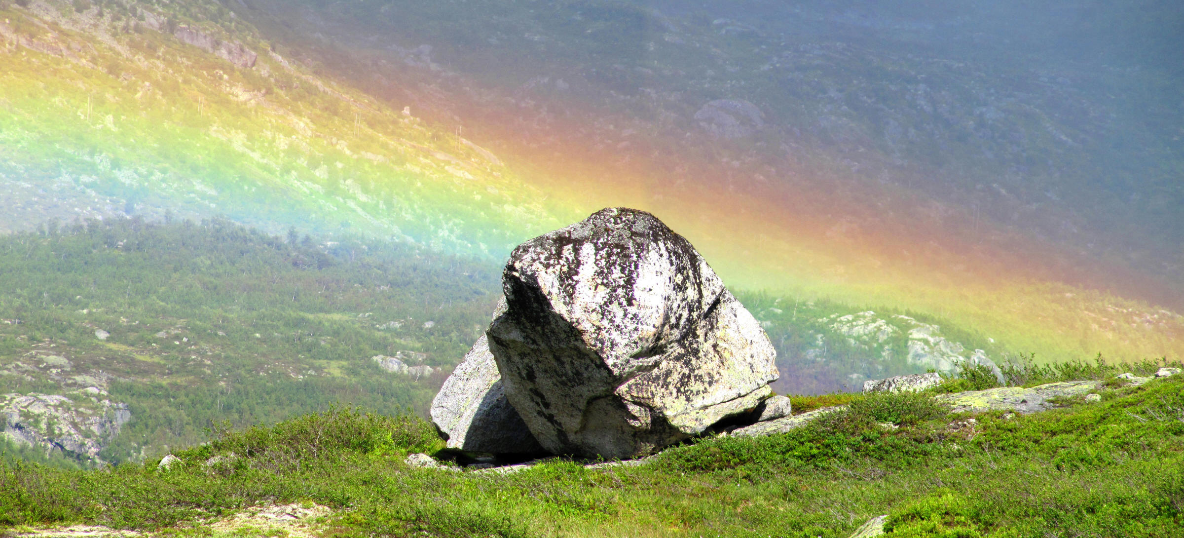 I et leksikon står å lese «at regnbuen er et naturbetinget, ikke lokaliserbart fenomen»  –     kjekt å vite  –  slik kan det også sies …
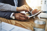 Hands, team and business people with tablet for planning, budget review or audit in office. Technology, pen and accountant in meeting for financial report, revenue discussion or bookkeeping feedback
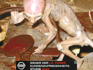 據(jù)德國《圖片報(bào)》8月24日報(bào)道,墨西哥電視臺近日公布了一條令人難以置信的消息,2007年5月在該國的一個(gè)農(nóng)場內(nèi),人們在一個(gè)動物陷阱里發(fā)現(xiàn)了仍然活著的外星人寶寶!
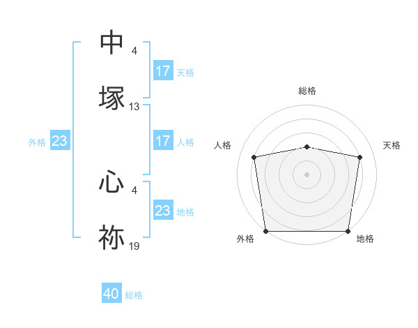 中塚 心祢さんの天格は17画の4点!
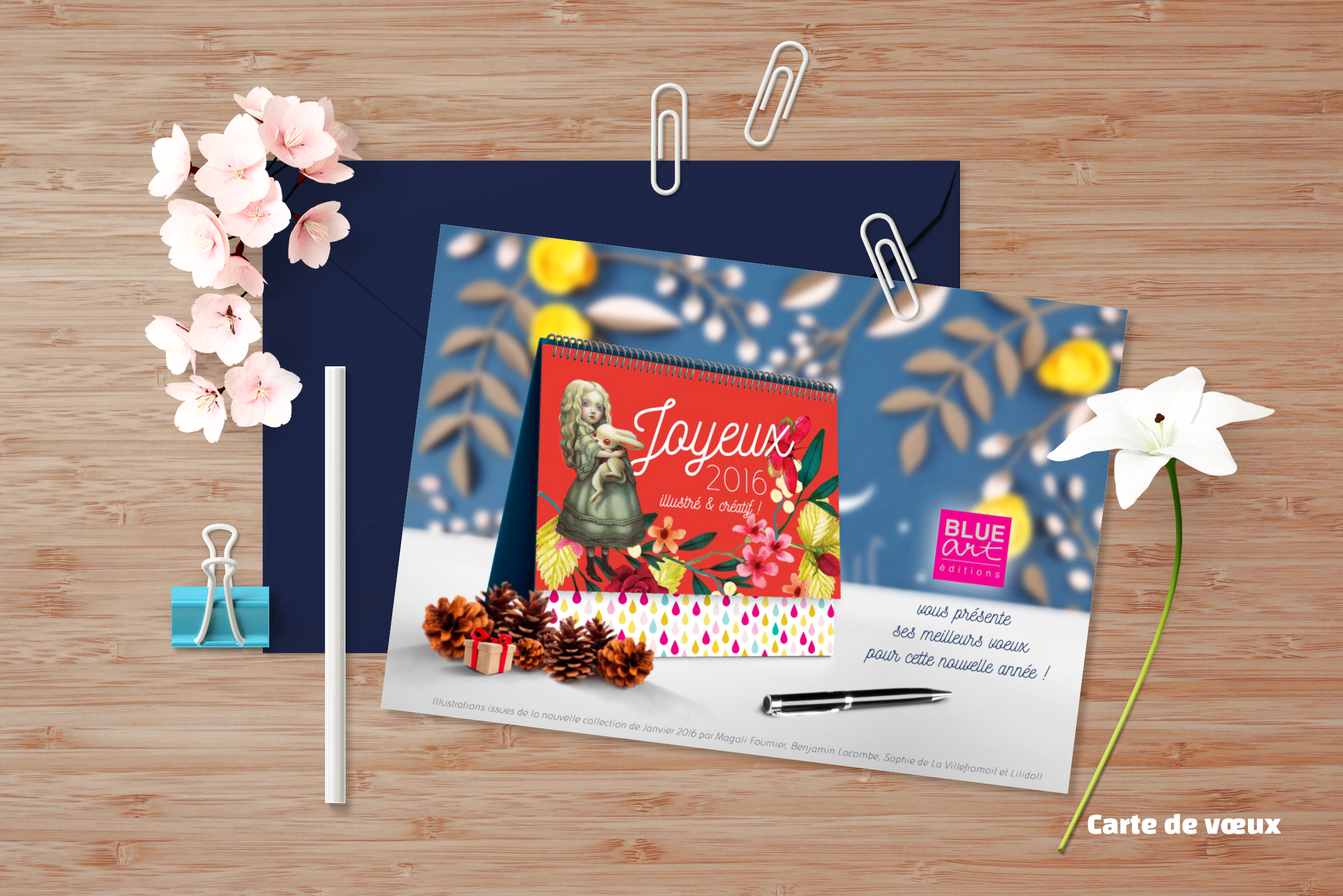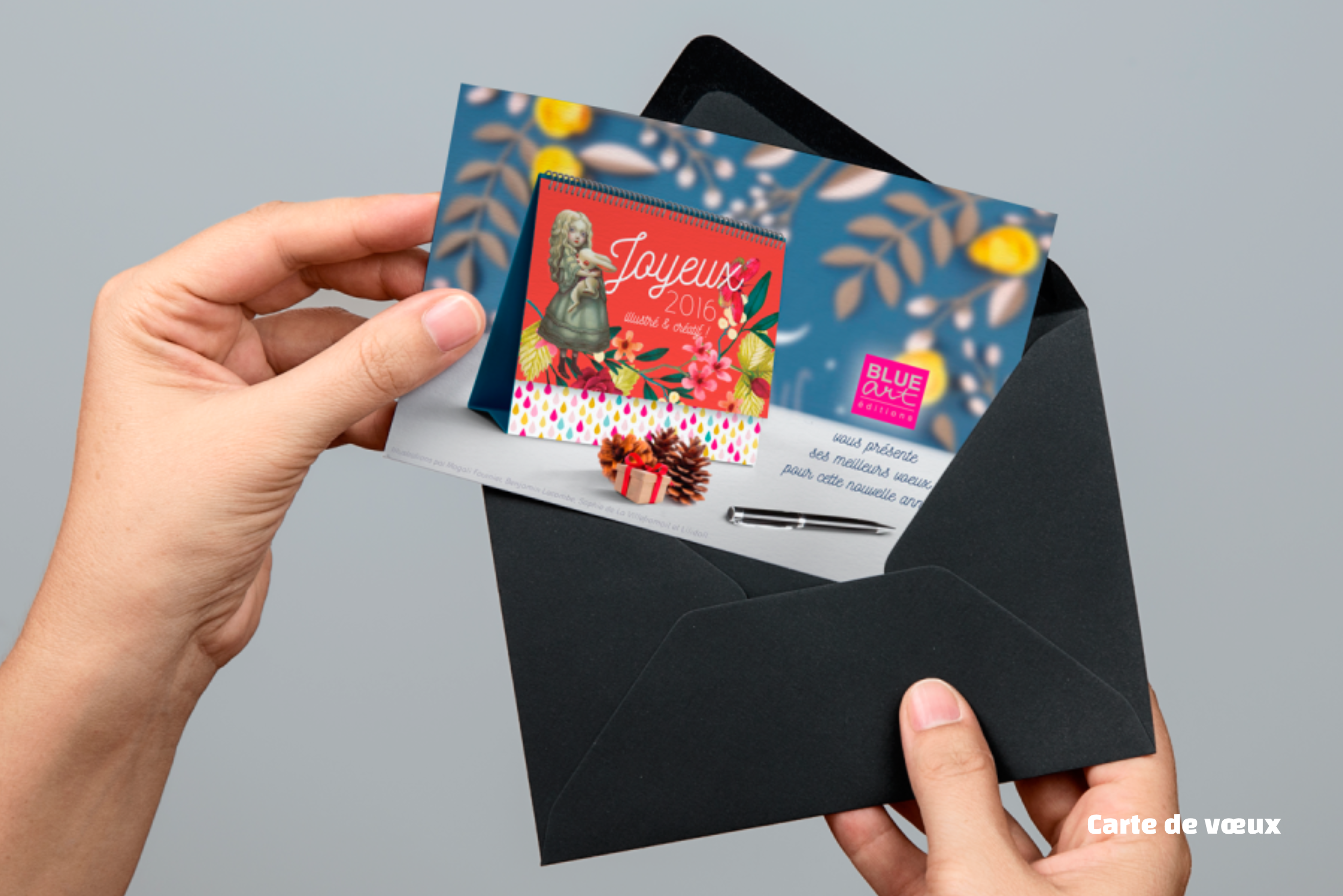 Créer une carte de vœux en mettant en scène, sous forme de papeterie, les quatre artistes édités dans la collection 2016.
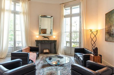 In the heart of Rue Foch, in a beautiful bourgeois building, this superb reception apartment offers over 200 m² of living space, arranged around beautiful reception rooms. Upon entering, you'll be captivated by the elegance of the space, the meticulous decor, the high-quality fittings, and the absolutely remarkable level of finish. The apartment features four beautiful reception rooms arranged in a star-shaped arrangement around the entrance hall. With generous volumes, high ceilings, floor-to-ceiling bars, and marble fireplaces, the whole space is absolutely splendid. The contemporary and fully equipped kitchen, which includes a utility room and laundry room, makes it easy and highly functional. On the sleeping side, there's a superb master suite with a large bathroom and balcony overlooking the building's inner courtyard. Upstairs, there are two additional, beautifully appointed bedrooms and a shower room. This apartment is perfect for fully experiencing this sought-after part of Montpellier. The level of finish and service is rare! The apartment is sold with a beautiful cellar in perfect condition in the basement and the possibility of parking your vehicle at the foot of the building, a true luxury in the city center! File on request
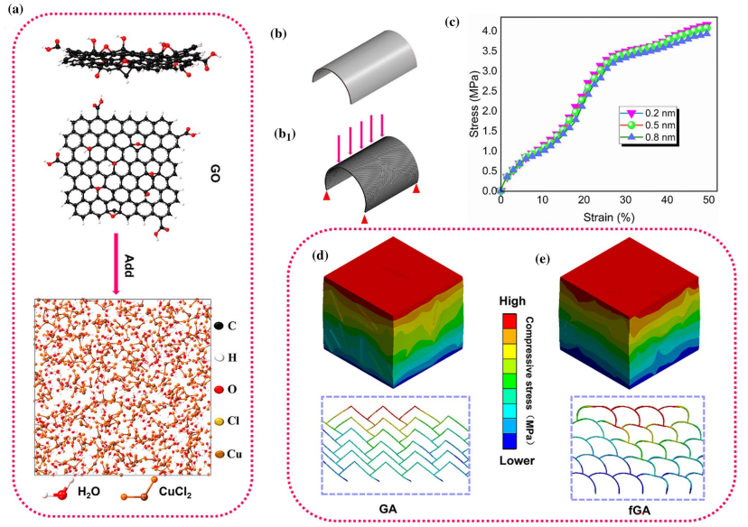 石墨烯气凝胶(GA)是一种具有三维结构的石墨烯材料,具有高导电性、高电化学稳定性、超轻、超弹性等特点。由于其多孔性和低密度,GA的力学性能受限,制造高机械强度的GA仍是一个挑战。研究人员受折纸理论的启发,已成功制备了具有拱形形态的折叠氧化石墨烯气凝胶(fGA)。然而,折叠氧化石墨烯(fGO)的自折叠机制和层间界面的增强机制一直难以解释。本案例中,研究人员采用多尺度模拟方法,先利用分子动力学(MD)从微观尺度上研究石墨烯折叠机理及微观结构对机械性能影响,在此基础上,对样品的宏观力学行为进行研究。研究发现fGA结构受应力作用时,各层间的连接点变的更紧,气凝胶的强度和抗变形能力变强,使结构更稳定。
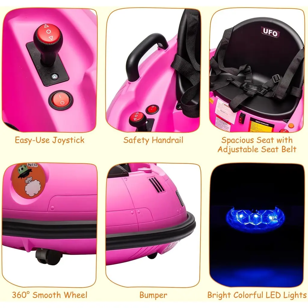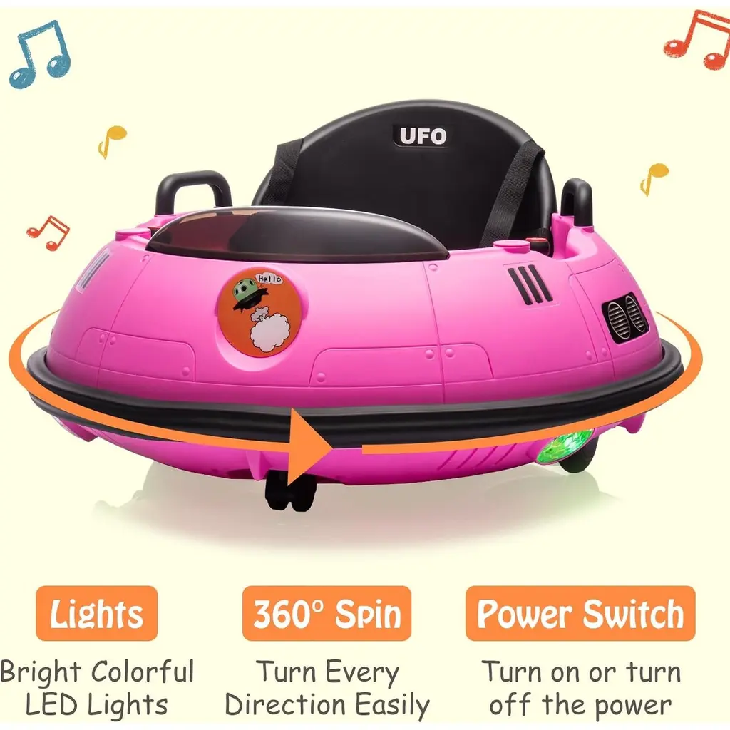 [360-Degree Spinning Wheels]This ride-on bumper car features versatile 360-degree spinning wheels that provide smooth movement and agile turns on a variety of surfaces. The slow start function enhances the driving experience, ensuring a comfortable and safe ride for children.[Fun Entertainment Features]Equipped with dynamic music and eye-catching LED lights, this bumper car adds an extra layer of excitement to playtime. The captivating flashing LED lights create a vibrant atmosphere, making riding even more enjoyable for kids.[Dual Operating Modes]With dual joysticks for intuitive control, the bumper car offers effortless maneuverability and the ability to spin a full 360 degrees. This design encourages the development of hand-eye coordination, foot coordination, and gross motor skills. Parents can use the 2.4G remote control to oversee play, ensuring safety and preventing misuse.[Safety-Focused Design]Built with soft anti-collision strips, this bumper car prioritizes children's safety by adding an extra layer of protection during collisions with walls or other vehicles.[Perfect Gift for Kids]An excellent present for both boys and girls, this electric bumper car provides a unique and thrilling ride experience, bringing joy and laughter to children's playtime adventures.

◆ TASK DESCRIPTION: Restate each line from the start of the listing through the line bearing "Créer une carte" word for word. Drop the pictures.

◆ RESPONSE TO THIS TASK:
 I et leksikon står å lese «at regnbuen er et naturbetinget, ikke lokaliserbart fenomen»  –     kjekt å vite  –  slik kan det også sies …
 Hands, team and business people with tablet for planning, budget review or audit in office. Technology, pen and accountant in meeting for financial report, revenue discussion or bookkeeping feedback
 據(jù)德國《圖片報(bào)》8月24日報(bào)道,墨西哥電視臺近日公布了一條令人難以置信的消息,2007年5月在該國的一個(gè)農(nóng)場內(nèi),人們在一個(gè)動物陷阱里發(fā)現(xiàn)了仍然活著的外星人寶寶!
 中塚 心祢さんの天格は17画の4点!
 Créer une carte de vœux en mettant en scène, sous forme de papeterie, les quatre artistes édités dans la collection 2016.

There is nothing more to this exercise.